• **TASK STATEMENT**
Set down the data below from its first line to the line holding "FOREST MUSHROOM RISOTTO 雜菌松露意大利飯", inclusive; omit all pictures.

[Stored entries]
------------------------------------------------
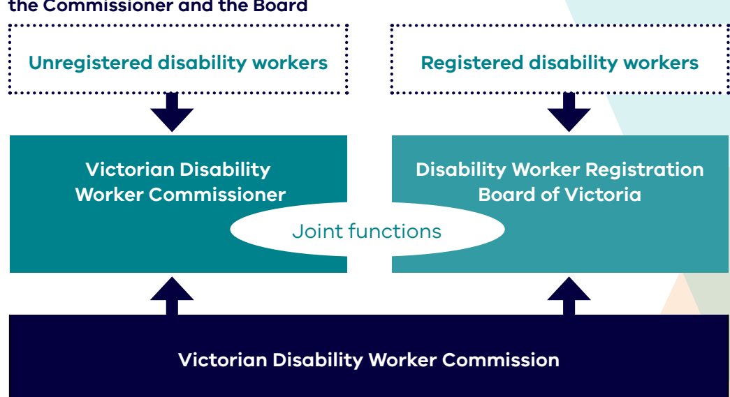
Figure 1: Interrelationships between the Commission, the Commissioner and the Board

Figure 1 illustrates the interrelationships between the roles of the Commission, the Commissioner and the Board.
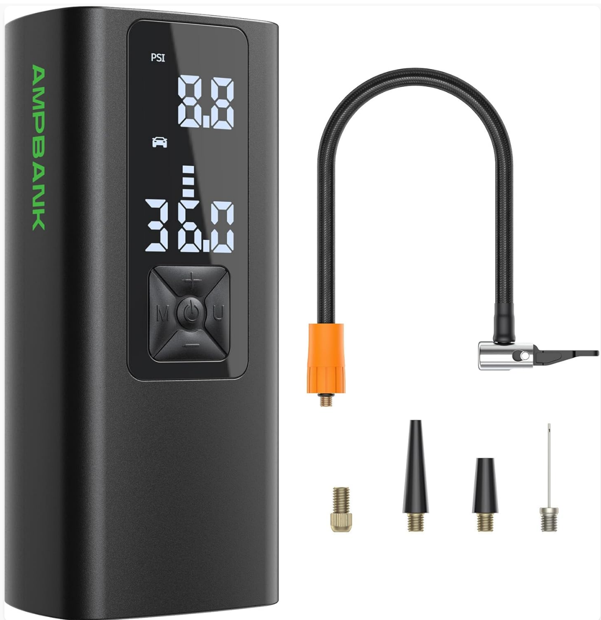
The AMPBANK AT003 Portable Tire Inflator, shown with its flexible air hose and various inflation adapters.
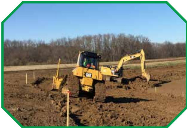
Apprentice dirt equipment training
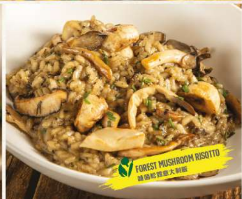
FOREST MUSHROOM RISOTTO 雜菌松露意大利飯
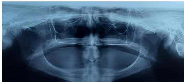
Figure 5 Panoramic Radiography confirming complete anodontia.
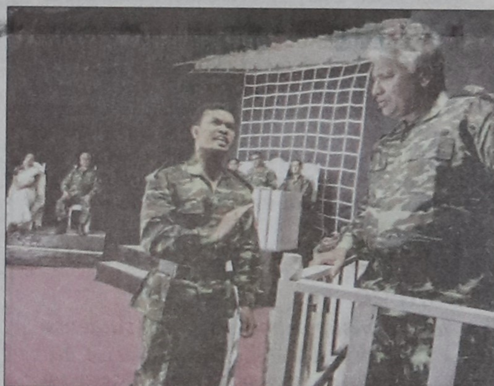
Bodhon Theatre from Kushtia stage the play.

The play attracted a huge turnout of enthusiastic visitors.
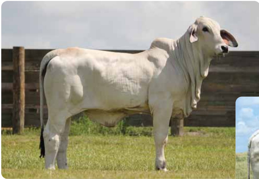
Lot 10 Moreno Ms. Polled Divia 120/1
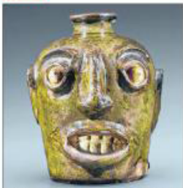
"Face jug" is a term coined by art historians to refer to an African American pottery piece created in the second half of the nineteenth century, in the midst of slavery, in the Edgefield District of South Carolina.
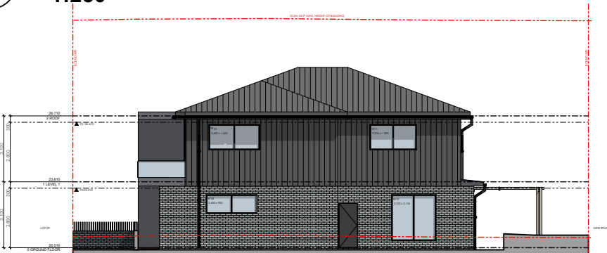
4 SOUTH ELEVATION 1:250
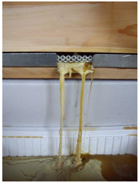
Figure 7, hot wax collecting from a steam wax extractor.

Begin by placing a box filled with dirty frames onto the purpose built collection tray, which needs to be similar in size and shape to a hive floor but with a small opening at one edge and cover with the lid. Attach the end of the hose pipe from the steam chamber into the top of the sealed box (Figure 6). As the wax softens and melts it runs down through the box and out of the opening in the tray, from where it can be collected for use in wax exchange (Figure 7). The stripped and cleaned wooden frames can be reused. Allow at least one hour of treatment for each box of frames. When the steam cleaning process is complete, you can sterilise frames using washing soda treatment (see the 'Sterilisation using washing soda crystals' section of this leaflet), before refitting with fresh foundation.
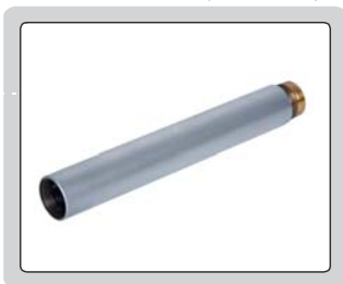
extension rod (included)
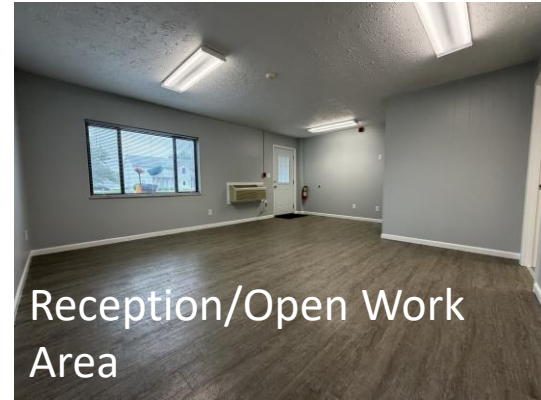
Reception/Open Work Area
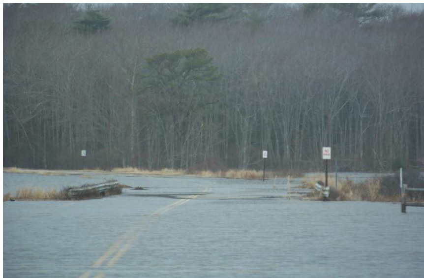
Furbish Road at High Tide
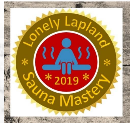
Personal Diplomas for Sauna guests

Reindeer moms got babies in May, that is also time when ice is melting away. So its time to start open water season with Original Sauna boat.
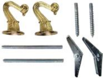
▲P30, SWAG HOOK KIT

finish: AB PB WH; PAINTABLE · finish: AB PB WH; PAINTABLE
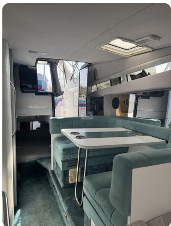
Formula BALU 61
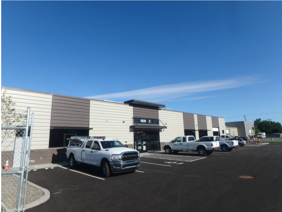
Looking north at the East Elevation
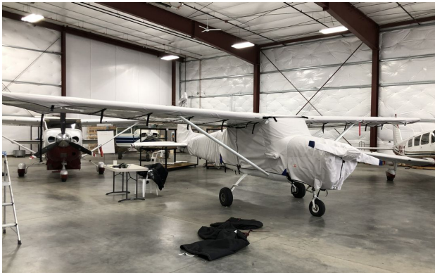
Cessna 172 (1956) Full Cover Set

WINTER USE MATERIAL - Made with Solution-Dyed Polyester fabric, this option is intended for seasonal use to aid in deicing, rain mitigation, or for occasional travel. The material is lighter and more compact, but more susceptible to UV damage and may have a shorter useful life if used continuously outside than the all-year use material.
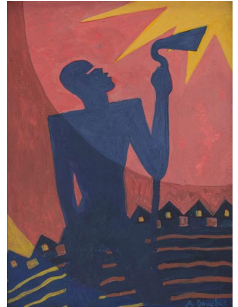
"The Toiler" by Aaron Douglas
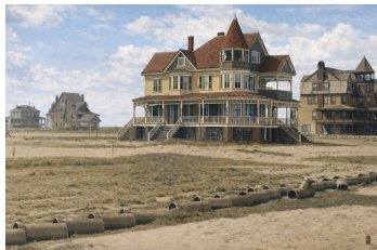
BACK IN TIME - "HYDRANGEA" 1908, Stone Harbor, N.J.

INTRODUCTION: Imagine a time machine that could transport us to an earlier time in Stone Harbor's 100+ year history. I don't know about you, but I am now about to set the destination and time selectors to "Stone Harbor, New Jersey" and the year "1908". That time period is where we will be devoting our attention for the next 6 months with upcoming SHPOA "Beach Buzz" editions. Our focus will be on the very early construction and development of Stone Harbor by featuring some of the first houses and other important projects shortly after the turn of the century. As property owners yourselves, it is my hope this next group of accounts with vintage archival photos about Stone Harbor will have added meaning to you. By the way, look for some interesting surprises along the way starting with this very account. So, let's go!
------------------------------------------------
• **EXERCISE RESULT**
Figure 1: Interrelationships between the Commission, the Commissioner and the Board

Figure 1 illustrates the interrelationships between the roles of the Commission, the Commissioner and the Board.
The AMPBANK AT003 Portable Tire Inflator, shown with its flexible air hose and various inflation adapters.
Apprentice dirt equipment training
FOREST MUSHROOM RISOTTO 雜菌松露意大利飯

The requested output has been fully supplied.